- Your objective -
Please retype every record below exactly, leaving the pictures out.

------------------------

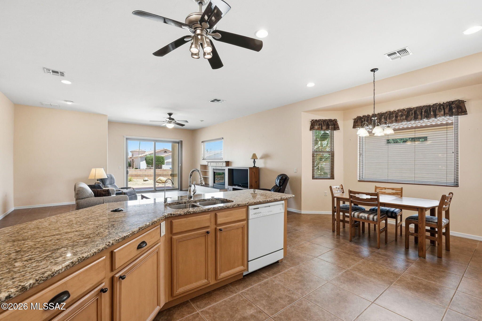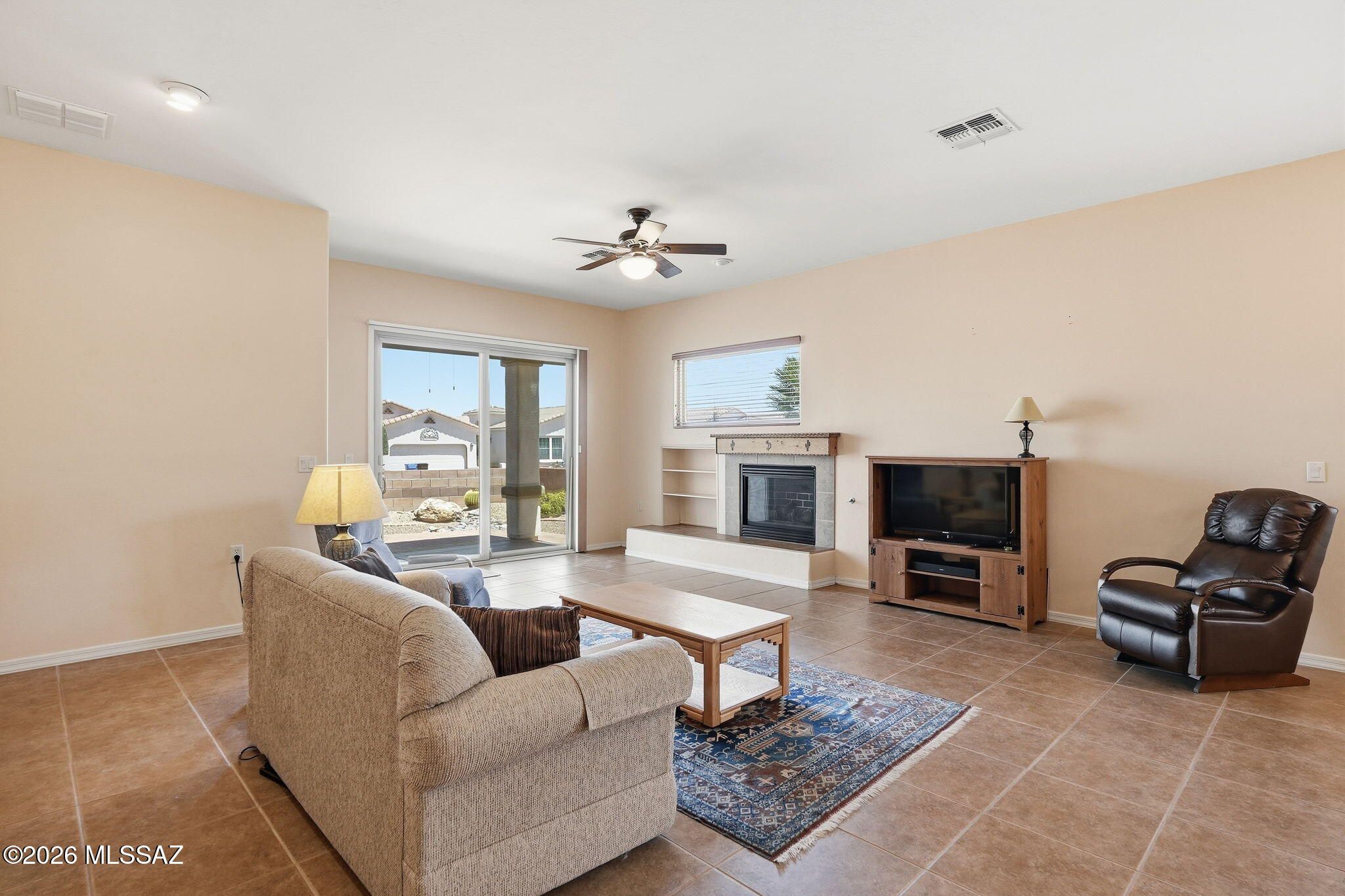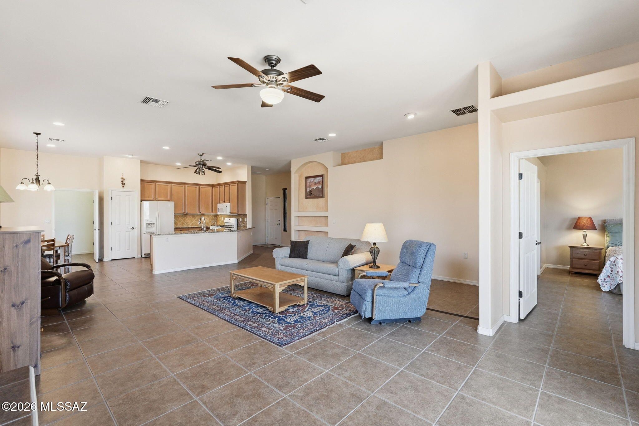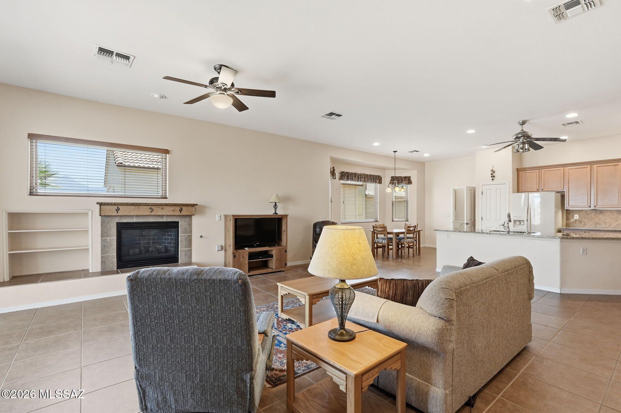 Experience comfortable, easy Southwest living in this well-maintained 1,599 sq. ft. home, ideally situated in the heart of Green Valley. Offering 2 bedrooms, 2 bathrooms, a versatile den, and a 2-car garage, this home is thoughtfully designed for both everyday comfort and relaxed entertaining.A spacious front courtyard creates a warm welcome and provides a private setting to enjoy morning coffee or quiet afternoons. Inside, the open great room is filled with natural light and centered around a cozy fireplace, adding both charm and a sense of comfort. The adjoining kitchen is designed to stay connected to the living space and features granite countertops, white appliances, generous cabinetry, and a functional layout that makes hosting simple.
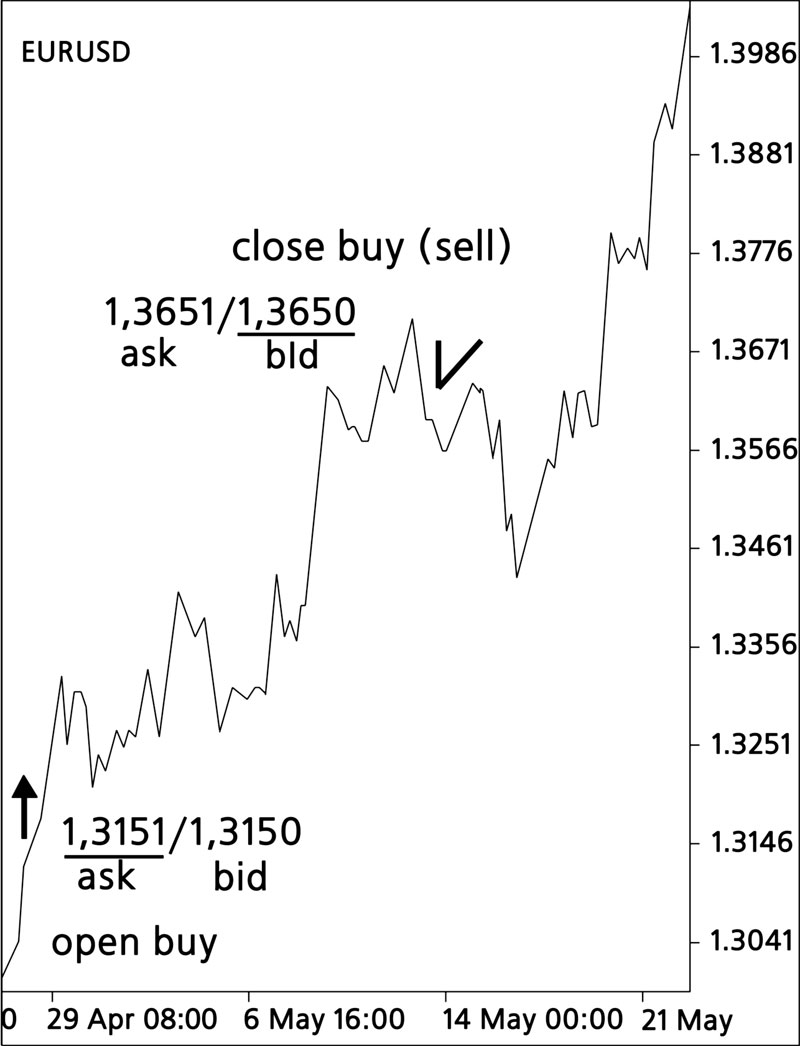Прибыль трейдера составила 1,3650 – 1,3151 = 499 пунктов. Если бы трейдер купил евро по цене ask (1,3151) и продал бы потом тоже по цене ask (1,3651), то прибыль составила бы 500 пунктов (столько пунктов реально цена прошла вверх на графике). Но по вышеуказанным условиям трейдер может продать евро только по цене bid (1,3650). То есть 1 пункт от этой сделки в виде прибыли забирают банк-брокер с брокерской компанией, услугами которых трейдер воспользовался.
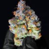 The cured buds of this strain are bright neon green with yellow pistils and a sprinkling of trichomes that easily flake off, so be careful not to handle the buds too much.
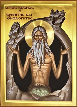 Preacuviosul Cosma, eunuc din Lavra Faransky, a fost un postitor strict și un râvnitor al credinței, foarte bine cunoscător al Sfintei Scripturi. A venit în Antiohia, unde a trecut curând la cele veșnice. Trupul său a fost îngropat în mănăstirea patriarhului Grigorie. Un sărman, vindecat prin rugăciunile bătrânului, a mărturisit despre ajutorul său și că vorbește în fiecare noapte cu episcopul, avertizându-l de erezie.
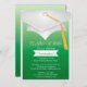 Modern class of 2014 graduation party invitation featuring a white grad cap and white banner set on a ombre watercolor green background for a high school or college graduation for a boy or girl. Visit our shop for a variety of trendy popular school colour themes.
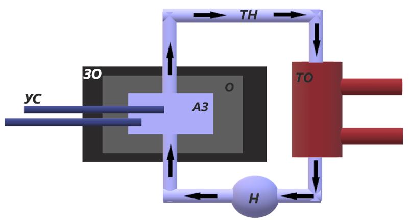 Рисунок 4 – Схема устройства ядерного реактора (АЗ – активная зона, О – отражатель, ЗО – защитная оболочка, УС – управляющие стержни, ТН – теплоноситель, Н – насос, ТО – теплообменник)
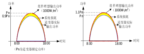 如圖2所示,可通過將容配比從1:1提升到1.1:1,使得逆變器在光照最好的時(shí)候能達(dá)到滿載輸出,提高了逆變器的利用率。
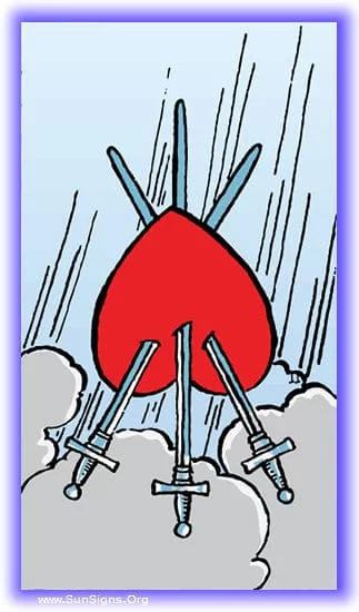 You are interested in understanding the meaning and interpretation of the three of swords tarot. You will find all you need as you keep reading. This is one of the most clearly pictured cards in the Minor Arcana. This card pierces a suspended heart against a stormy sky. The pierced heart is a common symbol, representing every spectrum of emotion from pain to feeling love deeply. But the swords represent violence and painful truth, intellect can bring to the hearts realm. The cold rain falling in the background represents sorrow.
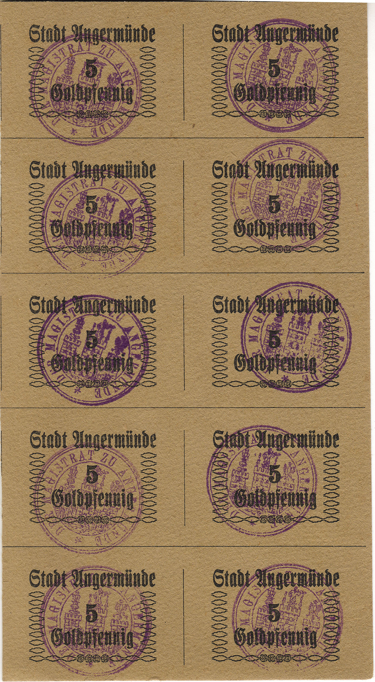 5 Goldpfennig ohne Datum; nicht katalogisiert; Karton; im Stempel äußerer Kreis doppelt; Bogen mit 10 Scheinen |
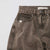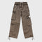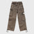 Dark brown washed denim cargo pants. Features two cargo-style pockets on the right leg and one on the left. Adjustable straps at the ankles for a better fit. Easy to combine with our t-shirts and tops. Mid-rise and straight leg.
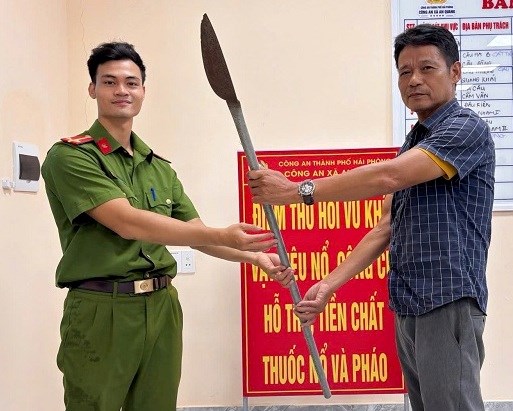 Một trường hợp khác là anh Vũ Văn Tiến (sinh năm 1968, trú tại thôn Đông Nham 2, xã An Quang). Khi đi trên quốc lộ 362, anh phát hiện 1 giáo tự chế dài khoảng 1,6m. Ý thức rõ quy định pháp luật, anh Tiến đã chủ động mang giao nộp cho Công an xã.
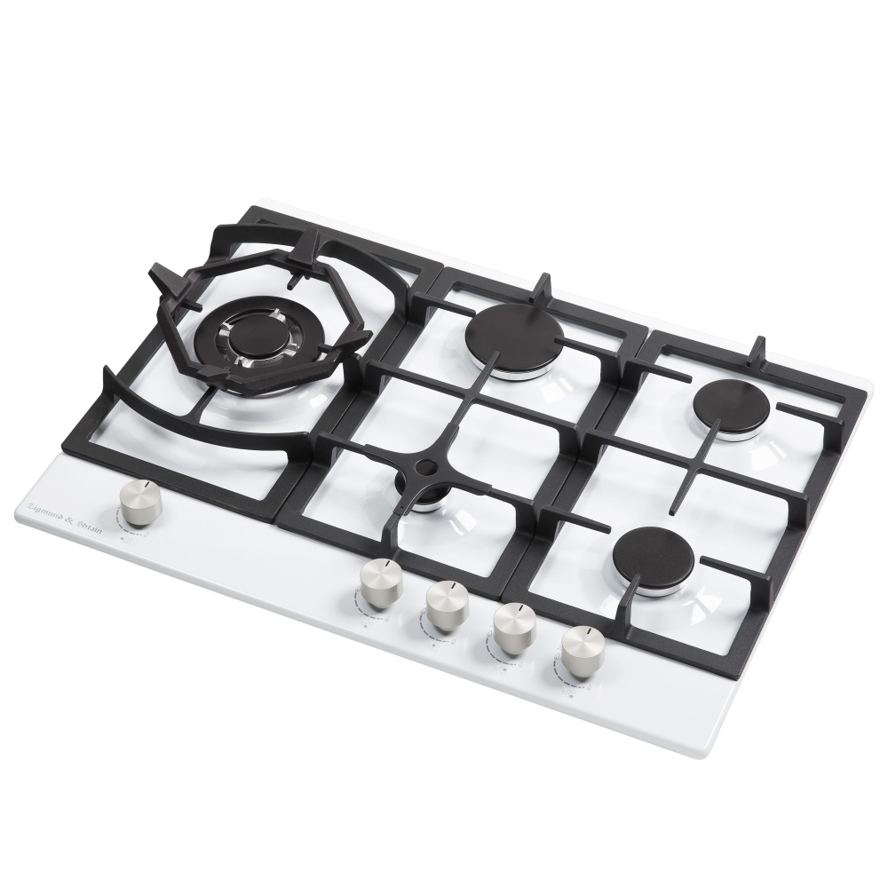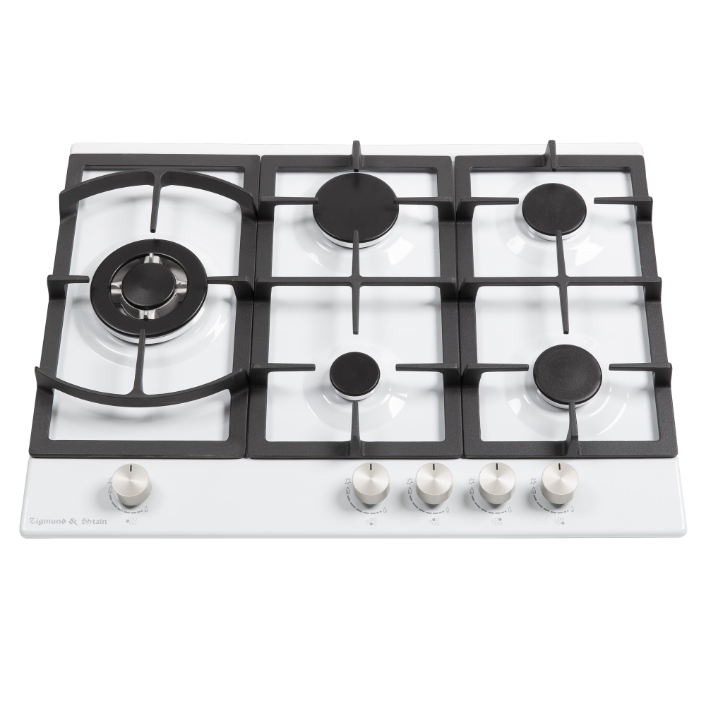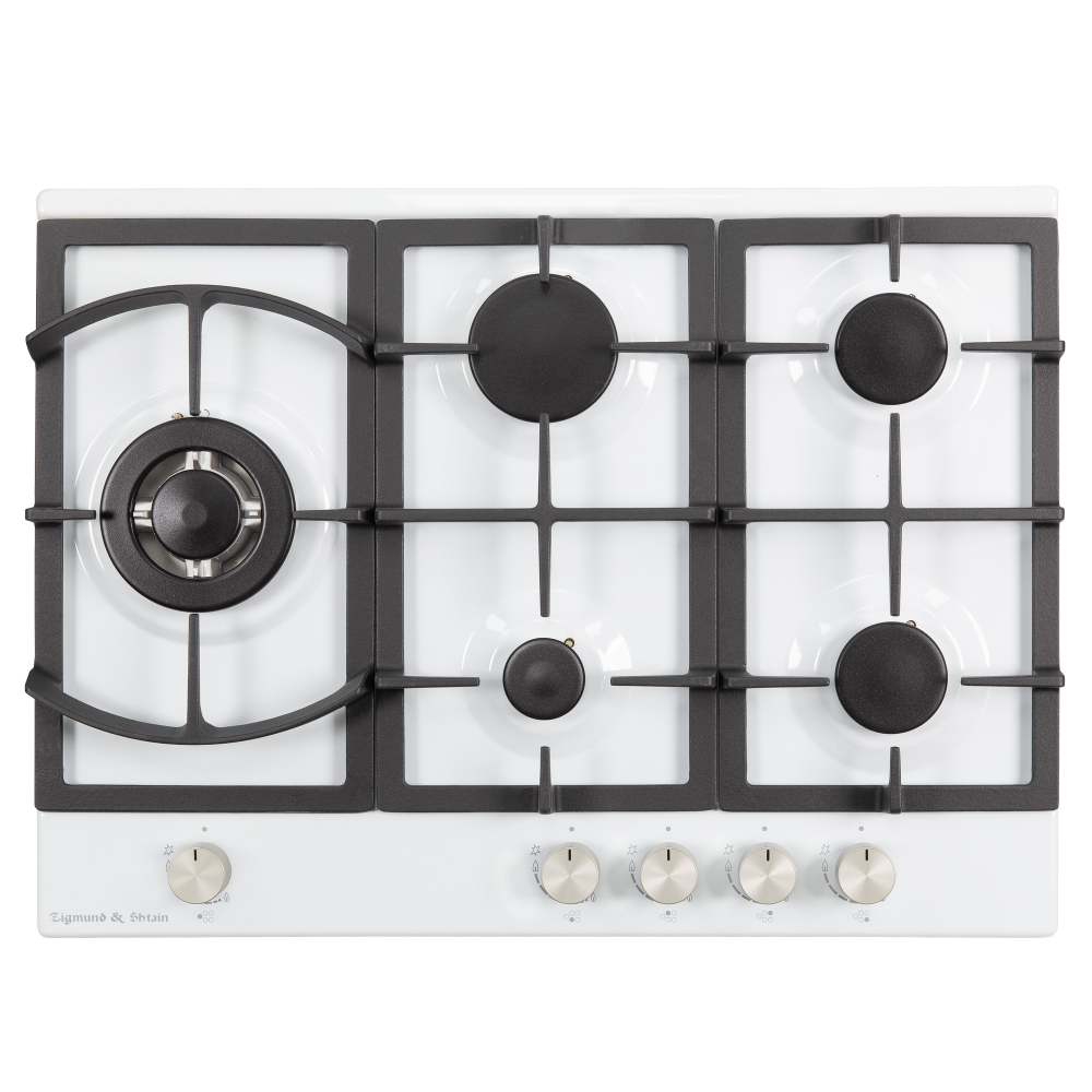 Цвет - белый; Тип панели - газовая; Количество конфорок - 5; Материал рабочей поверхности - эмалированная сталь; Материал решеток - чугун; Электроподжиг - есть; Тип электроподжига - автоматический ; Газ-контроль - есть; Управление - механическое; Подходит для магистрального и баллонного газа - да; WOK-горелка - есть; Размеры (ШхГхВ) - 69х51х4,9 см; Мощность горелок - 3.800; 2.500; 1.750; 1.750; 10

------------------------

- Solution to this problem -
 Experience comfortable, easy Southwest living in this well-maintained 1,599 sq. ft. home, ideally situated in the heart of Green Valley. Offering 2 bedrooms, 2 bathrooms, a versatile den, and a 2-car garage, this home is thoughtfully designed for both everyday comfort and relaxed entertaining.A spacious front courtyard creates a warm welcome and provides a private setting to enjoy morning coffee or quiet afternoons. Inside, the open great room is filled with natural light and centered around a cozy fireplace, adding both charm and a sense of comfort. The adjoining kitchen is designed to stay connected to the living space and features granite countertops, white appliances, generous cabinetry, and a functional layout that makes hosting simple.
Прибыль трейдера составила 1,3650 – 1,3151 = 499 пунктов. Если бы трейдер купил евро по цене ask (1,3151) и продал бы потом тоже по цене ask (1,3651), то прибыль составила бы 500 пунктов (столько пунктов реально цена прошла вверх на графике). Но по вышеуказанным условиям трейдер может продать евро только по цене bid (1,3650). То есть 1 пункт от этой сделки в виде прибыли забирают банк-брокер с брокерской компанией, услугами которых трейдер воспользовался.
 The cured buds of this strain are bright neon green with yellow pistils and a sprinkling of trichomes that easily flake off, so be careful not to handle the buds too much.
 Preacuviosul Cosma, eunuc din Lavra Faransky, a fost un postitor strict și un râvnitor al credinței, foarte bine cunoscător al Sfintei Scripturi. A venit în Antiohia, unde a trecut curând la cele veșnice. Trupul său a fost îngropat în mănăstirea patriarhului Grigorie. Un sărman, vindecat prin rugăciunile bătrânului, a mărturisit despre ajutorul său și că vorbește în fiecare noapte cu episcopul, avertizându-l de erezie.
 Modern class of 2014 graduation party invitation featuring a white grad cap and white banner set on a ombre watercolor green background for a high school or college graduation for a boy or girl. Visit our shop for a variety of trendy popular school colour themes.
 Рисунок 4 – Схема устройства ядерного реактора (АЗ – активная зона, О – отражатель, ЗО – защитная оболочка, УС – управляющие стержни, ТН – теплоноситель, Н – насос, ТО – теплообменник)
 如圖2所示,可通過將容配比從1:1提升到1.1:1,使得逆變器在光照最好的時(shí)候能達(dá)到滿載輸出,提高了逆變器的利用率。
 You are interested in understanding the meaning and interpretation of the three of swords tarot. You will find all you need as you keep reading. This is one of the most clearly pictured cards in the Minor Arcana. This card pierces a suspended heart against a stormy sky. The pierced heart is a common symbol, representing every spectrum of emotion from pain to feeling love deeply. But the swords represent violence and painful truth, intellect can bring to the hearts realm. The cold rain falling in the background represents sorrow.
 5 Goldpfennig ohne Datum; nicht katalogisiert; Karton; im Stempel äußerer Kreis doppelt; Bogen mit 10 Scheinen |
 Dark brown washed denim cargo pants. Features two cargo-style pockets on the right leg and one on the left. Adjustable straps at the ankles for a better fit. Easy to combine with our t-shirts and tops. Mid-rise and straight leg.
 Một trường hợp khác là anh Vũ Văn Tiến (sinh năm 1968, trú tại thôn Đông Nham 2, xã An Quang). Khi đi trên quốc lộ 362, anh phát hiện 1 giáo tự chế dài khoảng 1,6m. Ý thức rõ quy định pháp luật, anh Tiến đã chủ động mang giao nộp cho Công an xã.
 Цвет - белый; Тип панели - газовая; Количество конфорок - 5; Материал рабочей поверхности - эмалированная сталь; Материал решеток - чугун; Электроподжиг - есть; Тип электроподжига - автоматический ; Газ-контроль - есть; Управление - механическое; Подходит для магистрального и баллонного газа - да; WOK-горелка - есть; Размеры (ШхГхВ) - 69х51х4,9 см; Мощность горелок - 3.800; 2.500; 1.750; 1.750; 10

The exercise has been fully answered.